BY AL BARBARINO
The crazy ride of the booming real estate market has come to a screeching halt and “responsible adults” have regained their hold on purse strings, according to property owner and developer William Macklowe.
The founder and CEO of the William Macklowe Company, offered up the analogy as he addressed a room full of lenders and investors as part of a 2012 breakfast series hosted by the Real Estate Lenders Association at the Yale Club in Midtown yesterday (Tuesday).
On the heels of a record-breaking leasing year and steady decreases in vacancy rates in 2011, he said Manhattan leasing activity and rents will stabilize in response to a slowdown in the city’s economy in 2012.
Macklowe said the greatest leasing year ever recorded — upwards of 30 million square feet in 2011 — has nowhere to go but down as a number of wildcards in the global and local economy loom over the city.
“New York City handled the recession far better than the rest of the country,” Macklowe said. “Our jobs and asset values have recovered… and global capital wants to be here. Zero percent interest rates help, as does the appearance of a safe haven, both politically and economically.”
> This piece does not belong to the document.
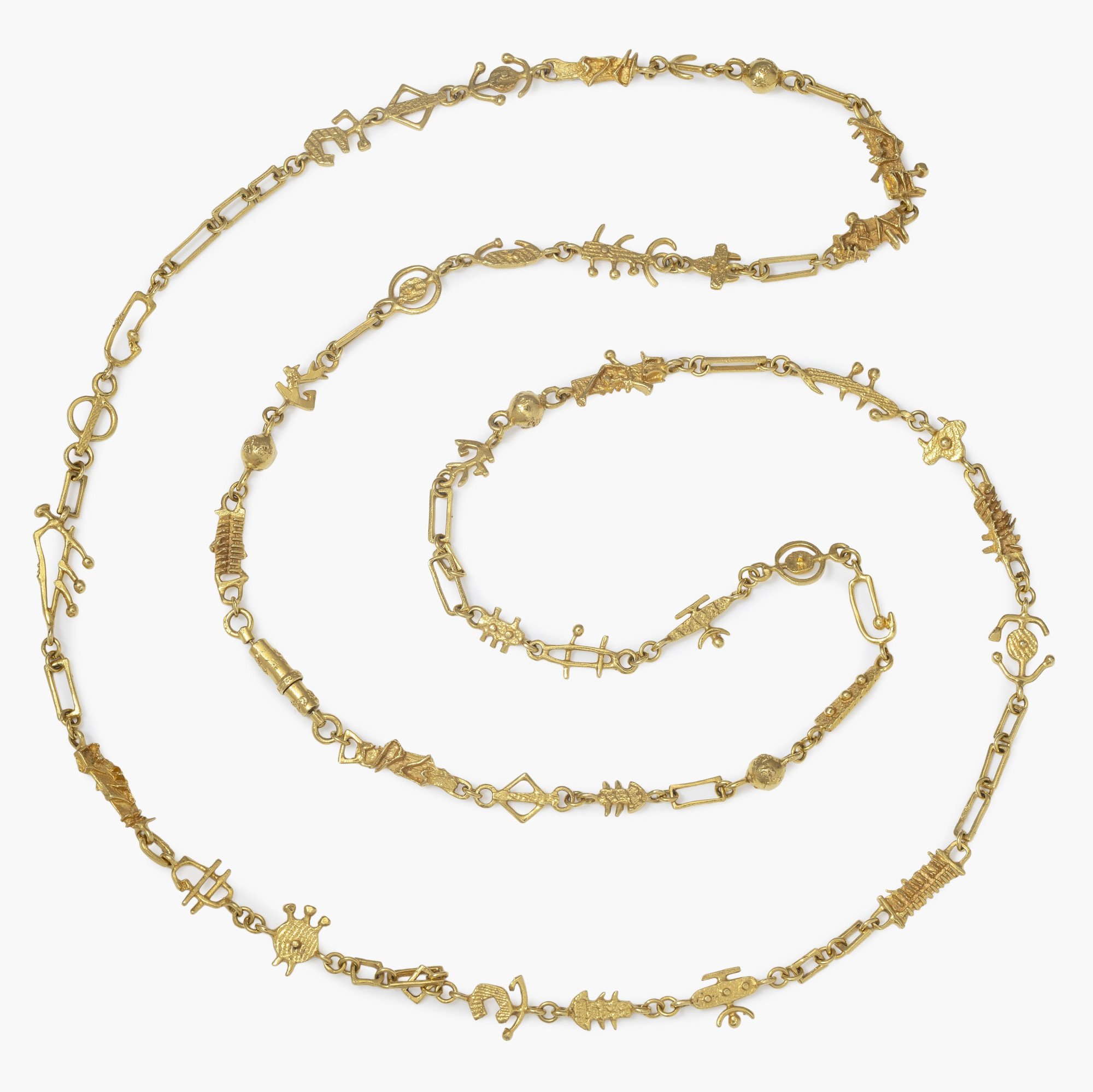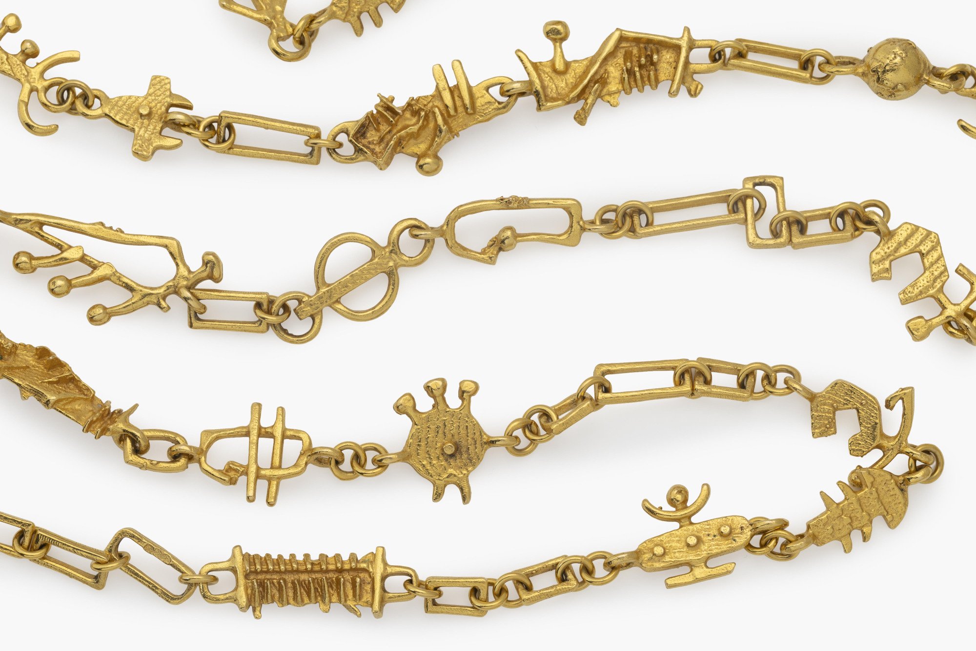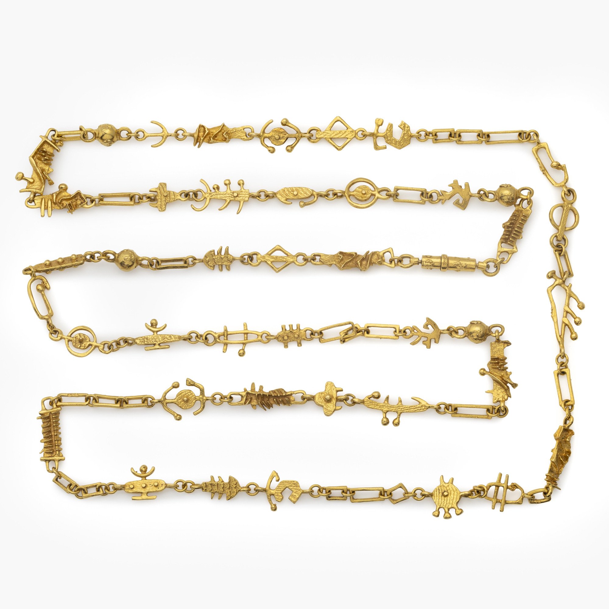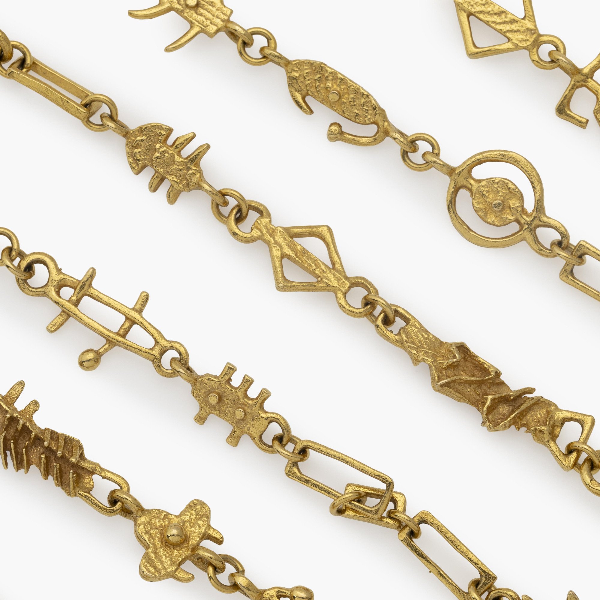 An eighteen-carat yellow gold longchain composed of linked abstract motifs, connected by round and rectangular links, with a swivel screw clasp, all featuring an organic texture. Signed A. Pomodoro, Artcurial edition, made in France. Numbered 2/30. Designed circa 1981.

But, he added, the “absolutely great” performance from 2011 isn’t sustainable, as the effects of the European debt crisis, instability in the Middle East, lack of political leadership in Washington and a continuing shift to a tech-focused economy have yet to play their course.
“We have some degree of trepidation with respect to the pacing of the capital markets,” he said, “Especially when one considers the relentless waves of conflicts and challenges.”
Macklowe expects Manhattan leasing activity in 2012 to come in around 18 million square feet and rents to remain stable throughout the year, while the performance of the sublease market will be heavily guided by changes on Wall Street.
As the financial services sector shrinks, the tech sector is filling part of the gap, as digital media companies continue to flood into Midtown South and beyond. The booming tech sector is ultimately good for the city, Macklowe said, adding that it’s “nice to see less reliance on the financial markets.”
The effects remain to be seen, however, as big banks are forced to manage their shrinking market share and physical space; and a shift to a different wage pattern — from finance to tech — impacts tax rolls, rents and vacancies.
What’s certain is that there continues to be no shortage of healthy capital available, signaling an end to a less-than-savory era in real estate.
“It almost feels as if we’ve never seen more capital available for investment,” Macklowe said.
“Given the lessons learned from the dark days of 2007 and into 2008, capital has become smarter… and capital today is in the hands of, dare I say, responsible adults.”